● **Data in this exercise**:
————

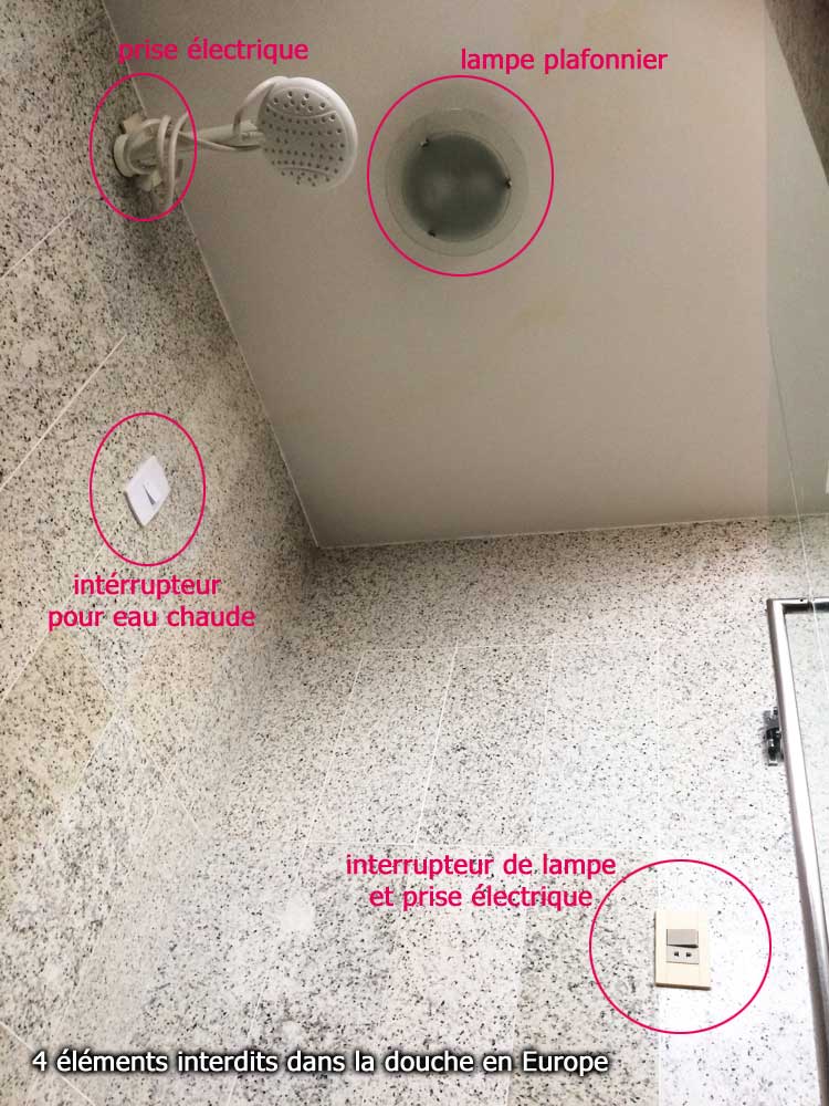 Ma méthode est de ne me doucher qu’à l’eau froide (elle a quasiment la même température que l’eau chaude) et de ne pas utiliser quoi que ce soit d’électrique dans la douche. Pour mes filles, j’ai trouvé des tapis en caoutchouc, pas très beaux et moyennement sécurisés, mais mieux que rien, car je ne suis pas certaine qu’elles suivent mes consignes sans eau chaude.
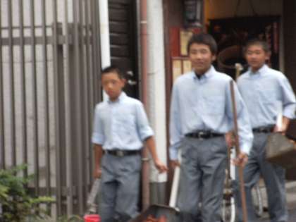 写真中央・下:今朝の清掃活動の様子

————

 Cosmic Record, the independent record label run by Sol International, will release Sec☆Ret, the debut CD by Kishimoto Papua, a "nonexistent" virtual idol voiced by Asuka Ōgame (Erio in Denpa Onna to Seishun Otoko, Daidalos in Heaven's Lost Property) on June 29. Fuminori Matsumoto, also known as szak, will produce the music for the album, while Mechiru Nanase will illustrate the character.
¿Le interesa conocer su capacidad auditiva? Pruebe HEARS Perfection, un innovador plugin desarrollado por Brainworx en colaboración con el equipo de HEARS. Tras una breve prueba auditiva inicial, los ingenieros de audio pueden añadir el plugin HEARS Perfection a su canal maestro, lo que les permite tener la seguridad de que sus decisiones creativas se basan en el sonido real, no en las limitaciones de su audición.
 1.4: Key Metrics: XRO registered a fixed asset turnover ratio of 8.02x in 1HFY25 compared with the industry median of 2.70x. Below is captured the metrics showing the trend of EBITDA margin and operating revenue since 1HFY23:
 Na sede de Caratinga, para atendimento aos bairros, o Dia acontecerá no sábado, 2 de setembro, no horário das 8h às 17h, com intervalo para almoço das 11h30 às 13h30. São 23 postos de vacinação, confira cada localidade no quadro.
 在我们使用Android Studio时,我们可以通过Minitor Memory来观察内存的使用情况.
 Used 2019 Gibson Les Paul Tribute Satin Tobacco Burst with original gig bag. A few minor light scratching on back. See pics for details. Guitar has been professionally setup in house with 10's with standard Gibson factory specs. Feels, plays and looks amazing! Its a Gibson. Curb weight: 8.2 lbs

————

● **Work required**: Check each line of the material for the word "with". Copy the ones that have it.

● **Task answer**:
 1.4: Key Metrics: XRO registered a fixed asset turnover ratio of 8.02x in 1HFY25 compared with the industry median of 2.70x. Below is captured the metrics showing the trend of EBITDA margin and operating revenue since 1HFY23:
 Used 2019 Gibson Les Paul Tribute Satin Tobacco Burst with original gig bag. A few minor light scratching on back. See pics for details. Guitar has been professionally setup in house with 10's with standard Gibson factory specs. Feels, plays and looks amazing! Its a Gibson. Curb weight: 8.2 lbs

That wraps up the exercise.